Section 21 of the Revenue Bond Act (RBA), MCL 141.101 et seq., MCL 141.121, is at issue in these cases. Under the RBA, a public corporation—such as a city or county, see MCL 141.103(a)—is “authorized to purchase, acquire, construct, improve, enlarge, extend or repair 1 or more public improvements and to own, operate and maintain the same, within or without its corporate limits, and to furnish the services, facilities, and commodities of any such public improvement to users within or without its corporate limits.” MCL 141.104. A “public improvement” is defined to include [126]*126sewage disposal and water supply systems and “utility systems for supplying light, heat, or power . . . MCL 141.103(b). Pertinent to collecting charges for such utility services, Section 21 of the RBA provides:

Charges for services furnished to a premises may be a lien on the premises, and those charges delinquent for 6 months or more may be certified annually to the proper tax assessing officer or agency who shall enter the lien on the next tax roll against the premises to which the services shall have been rendered, and the charges shall be collected and the lien shall be enforced in the same manner as provided for the collection of taxes assessed upon the roll and the enforcement of the lien for the taxes. The time and manner of certification and other details in respect to the collection of the charges and the enforcement of the lien shall be prescribed by the ordinance adopted by the governing body of the public corporation. However, in a case when a tenant is responsible for the payment of the charges and the governing body is so notified in writing, the notice to include a copy of the lease of the affected premises, if there is one, then the charges shall not become a lien against the premises after the date of the notice. In the event of filing of the notice, the public corporation shall render no further service to the premises until a cash deposit in a sum fixed in the ordinance authorizing the issuance of bonds under this act is made as security for the payment of the charges. [MCL 141.121(3) (emphasis added).]

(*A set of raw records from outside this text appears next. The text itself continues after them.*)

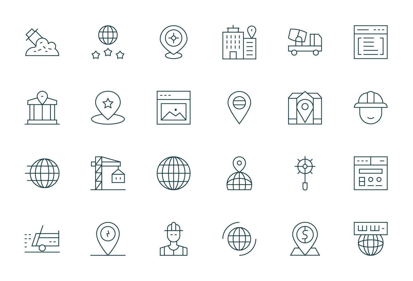 Site Comprehensive Bundle with 24 Detail Enhanced Thin Line High Resolution Icons Free Vector
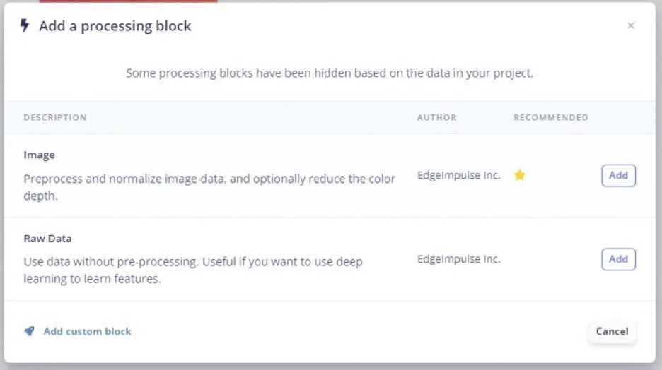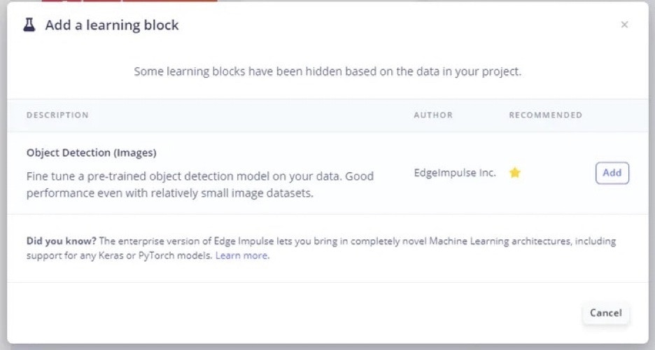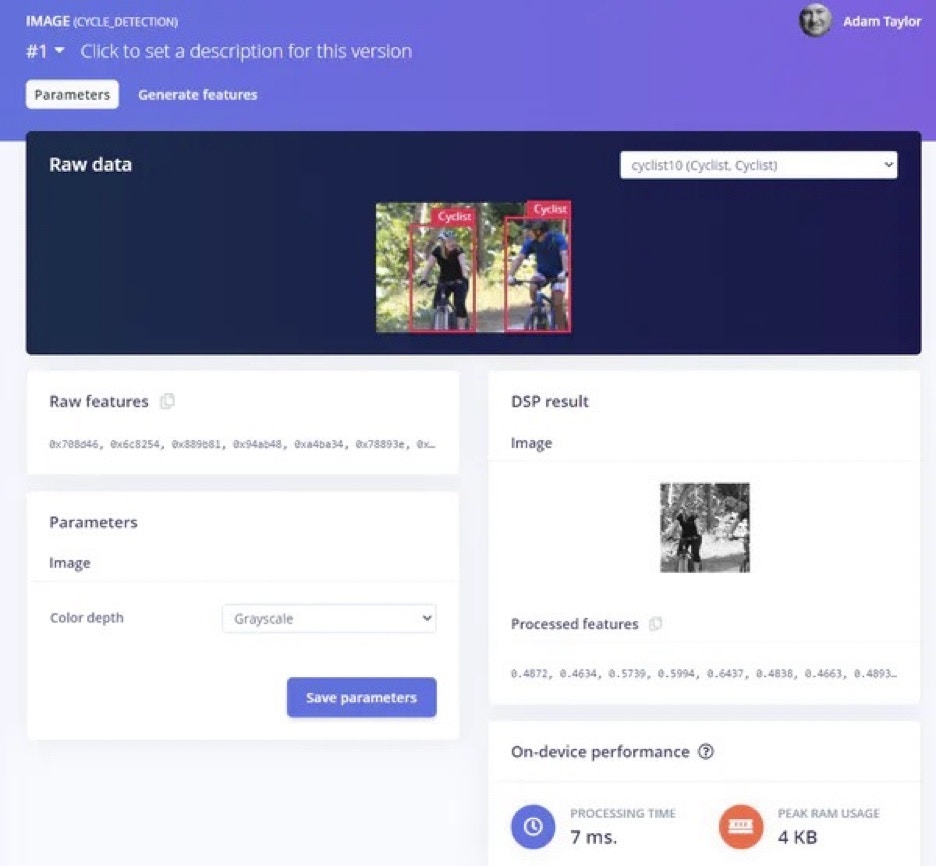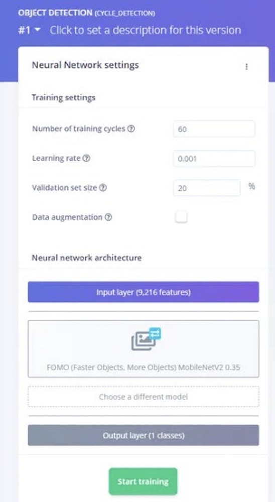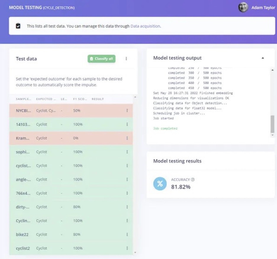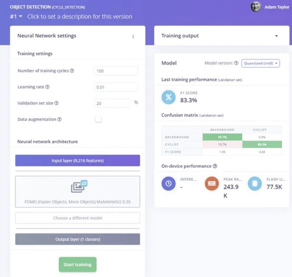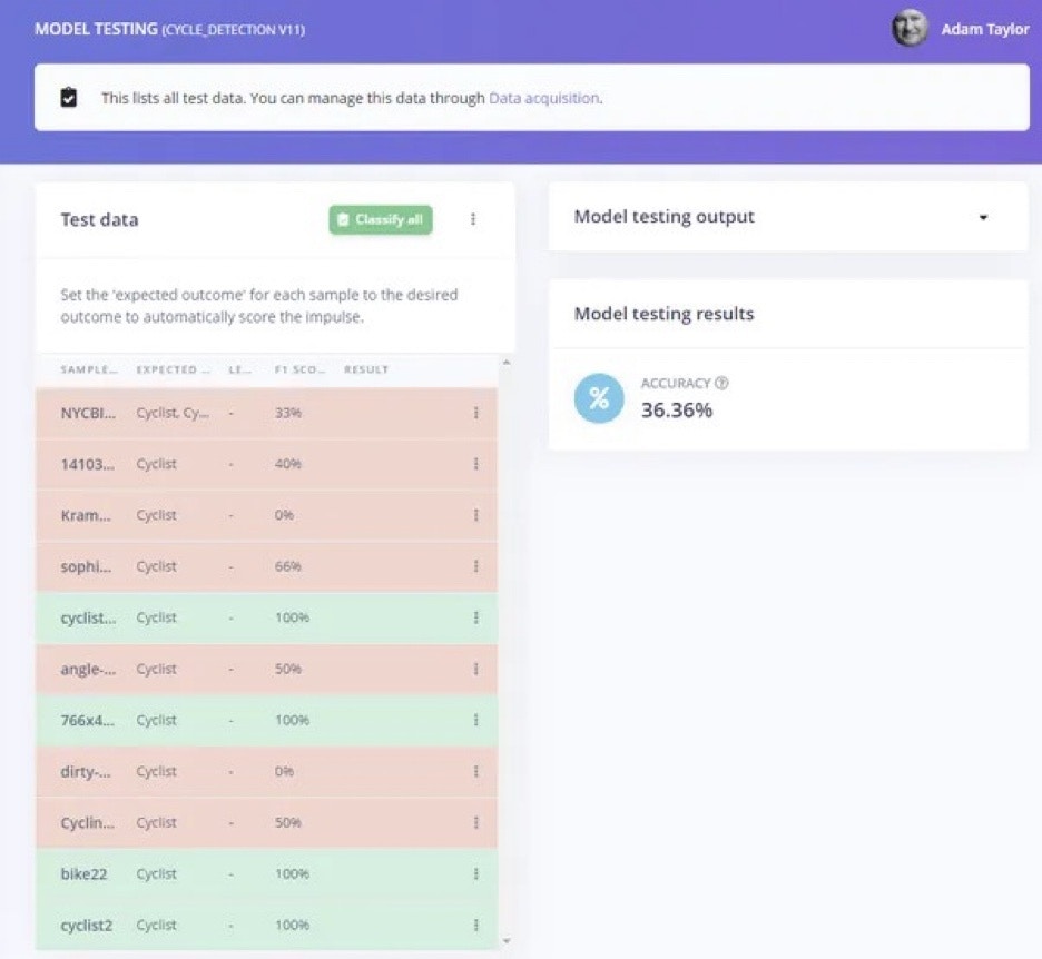 Like with all ML/AI projects, one of the largest challenges is in collecting a dataset. There is not a large, publicly available, dataset so we started to collect a small dataset to enable training and proof of concept. If the concept works we can create a larger dataset which addresses more conditions such as low light, weather, etc. The initial dataset used consisted of 100 images of cyclists in different conditions tagged from around the world. These images were collected from open source images available across the web. Once the dataset is collected we are able to create the Edge Impulse project.Edge Impulse Project
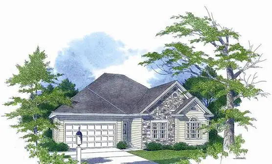 A bold roof detail harmonizes with an elegantly appointed exterior to create comfortable living quarters within compact dimensions. An entry hall provides access to all areas of the home. A half bath is included. The dynamic great room merges virtually effortlessly with the dining area of the home. The ceiling is vaulted and a recess is provided for an entertainment center. A U-shaped kitchen includes modern amenities along with a snack bar bordering the dining area. Adjacent is a large screened porch for meals or relaxing. The double garage is shown with an abundance of storage space for gardening equipment. While the three bedrooms are grouped together on one side of the home, the master suite is accessible from the great room. It includes a tray ceiling and is generously sized. An enormous walk-in closet, linen closet and luxurious garden bath complete the luxury. The laundry room interconnects to the front bedroom hall and also the master bath, making laundry day chores a breeze. The roomy family bedrooms are on the front of the home, clustered around a full bath. Each bedroom includes amble closet space. Linen storage, coat closet and attic access are convenient. Exterior enhancements include horizontal siding, stone, arch top windows and a combination hip and gable roof.
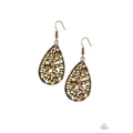 Varying in size, glittery aurum rhinestones are sprinkled along a studded brass teardrop for an edgy, yet glamorous look. Earring attaches to a standard fishhook fitting.
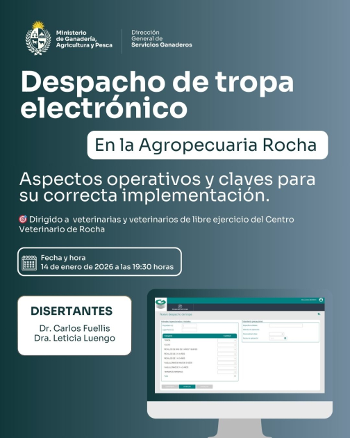 El miércoles 14 de enero a las 19:30 horas se realizará una charla técnica sobre despacho de tropa electrónico en Agropecuaria Rocha. La actividad estará a cargo de Carlos Fuellis y Leticia Luengo, y abordará los principales aspectos operativos del sistema, requisitos y buenas prácticas para productores y veterinarios.
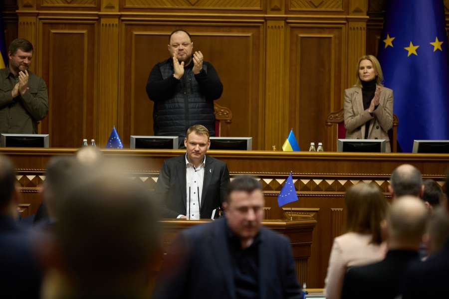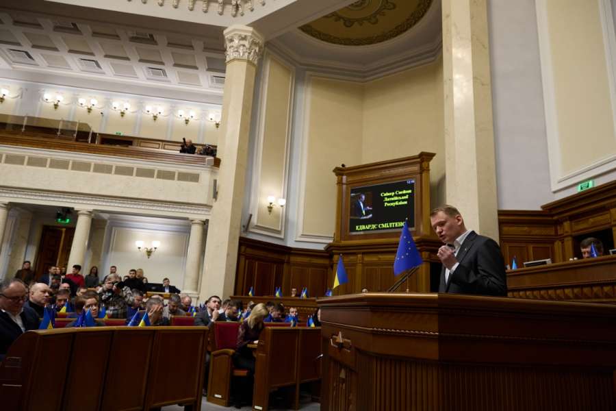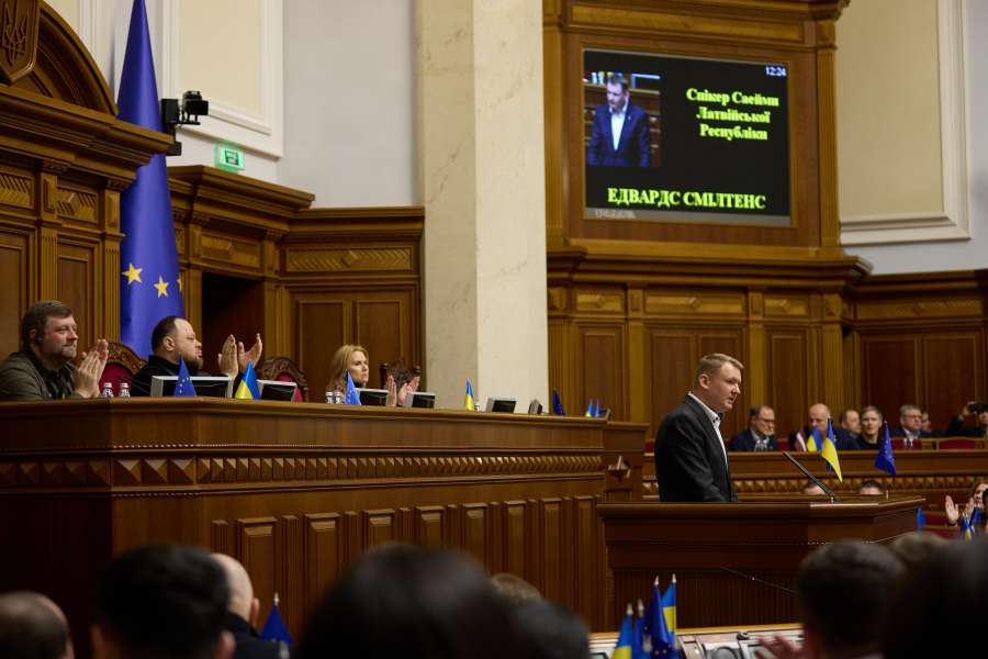 Для мене велика честь сьогодні звернутися до вас від імені Саейми Латвії. Для всього латвійського народу у цей складний час, коли Україна бореться за весь цивілізований світ, який протистоїть російській агресії, ми, латиші, разом з вами.
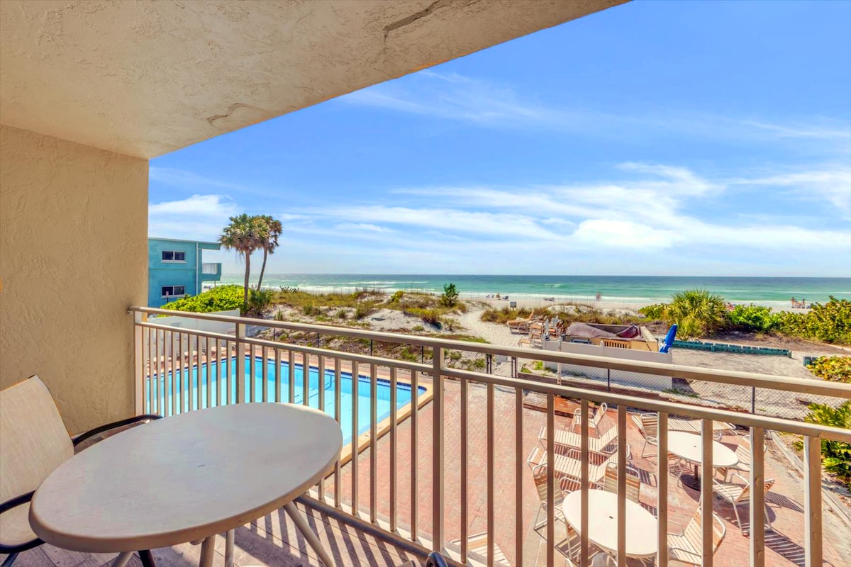 Enjoy ocean views in this 2 bed 2 bath spacious beach side 4th floor condo at Sea Shell Updated coastal decor across from Capt Curts, restaurants, grocery, coffee, ice cream Easy to WALK everywhere No car needed Perfect location Great for families Sleeps 6- 1 king & 2 queens & walk in closets Balcony with GULF views Private beach steps away from bldg. Free beach loungers. POOL Siesta Beach #1 in US Quick Wifi Superhost- 325+ reviews that ave FIVE STAR!
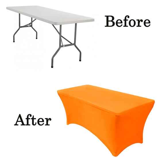 Our durable spandex chair covers fit standard 6' Banquet Tables (5' Length x 30" Depth x 30" Tall). They're made from high quality spandex with a 4-way stretch so they're easy to put on and made to last. They're also made with durable elastic foot pockets which help secure the cover in place, ensure a great fit, and help prevent damage and excess wear and tear. These covers are a perfect way to improve the look of your chair covers and ideal for rental companies, banquet halls, hotels, various venues and special events.
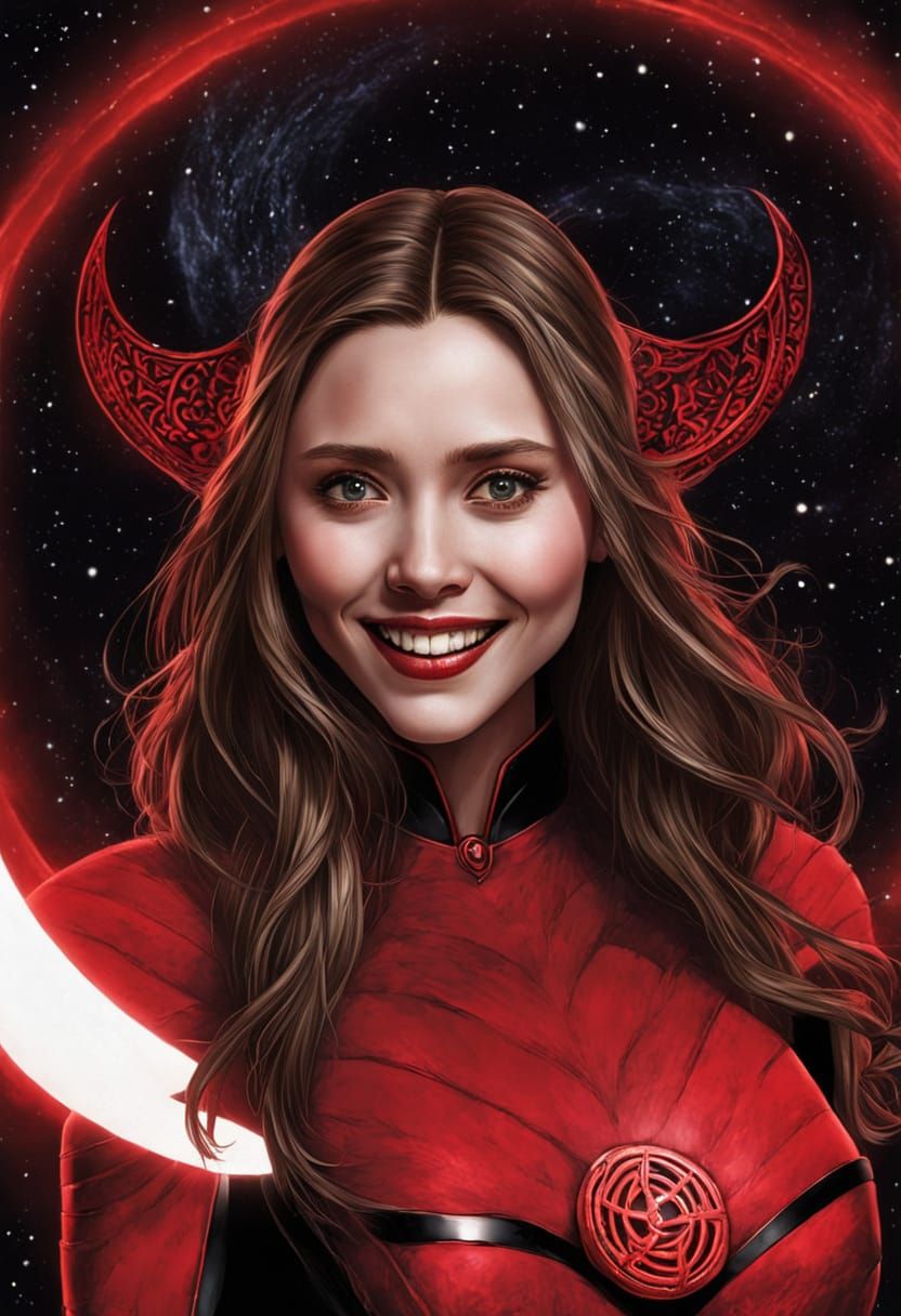 This image shows Elizabeth Olsen as a Red Lantern character with a sadistic expression in a space setting. She is wearing a black and red Red Lantern outfit.
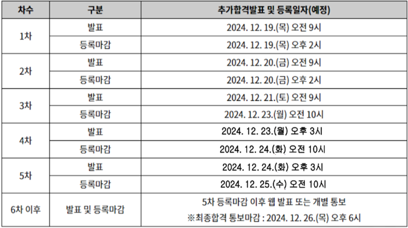 ◈ 정시모집 합격자 발표일 및 충원합격자 발표일 안내
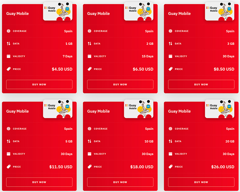 Вот, например, Испания - фиксированные планы. 10 ГБ - €1,7 за гиг, отлично.

Pursuant to the authorization in MCL 141.121(3), the city of Holland, in Chapter 12 of its charter, provides for municipal ownership of utilities and for the creation of liens to secure payment for utility services, which “become effective immediately upon the distribution or supplying of such utility service or services to such premises.” Holland Charter, § 12.18. Furthermore, the city of Holland, in its code of ordinances, provides for the creation and enforcement of liens by which it may recover charges for utility ser[127]*127vices, subject to the landlord exception of MCL 141.121(3). As authorized by the RBA, § 9-3 of Holland’s code of ordinances provides that the city, subject to state law, “shall have as security for the collection of all charges for electric services ... a lien upon the premises to which such electric services were supplied. Such liens shall become effective immediately upon the distribution or supplying of such electric service or services to such premises.” Section 9-6 of Holland’s code of ordinances also adopts the landlord exception of MCL 141.121(3), which provided at all times pertinent to this case:

If the owner of a premises which receives electric services provided by the City shall lease such premises to a tenant who is responsible under the lease for the payment of the charges for electric services, and such property owner notifies the Board of public works [BPW], in writing, of such fact, the notice to include a true copy of the lease of the affected premises, if there is one, then the charges for electric services provided to such premises shall not become a lien against the premises after the date such notice is received by the [BPW]. Immediately after the filing of such notice, the [BPW] shall render no further service to the premises until it receives from the tenant, or an individual or entity acting on behalf of the tenant, a cash deposit or surety bond, as established by resolution adopted by City Council, or it receives record of a previously established good credit history of not less than 12 consecutive months, as security for the payment of the electric charges. . .. [Holland City Code, § 9-6.][1]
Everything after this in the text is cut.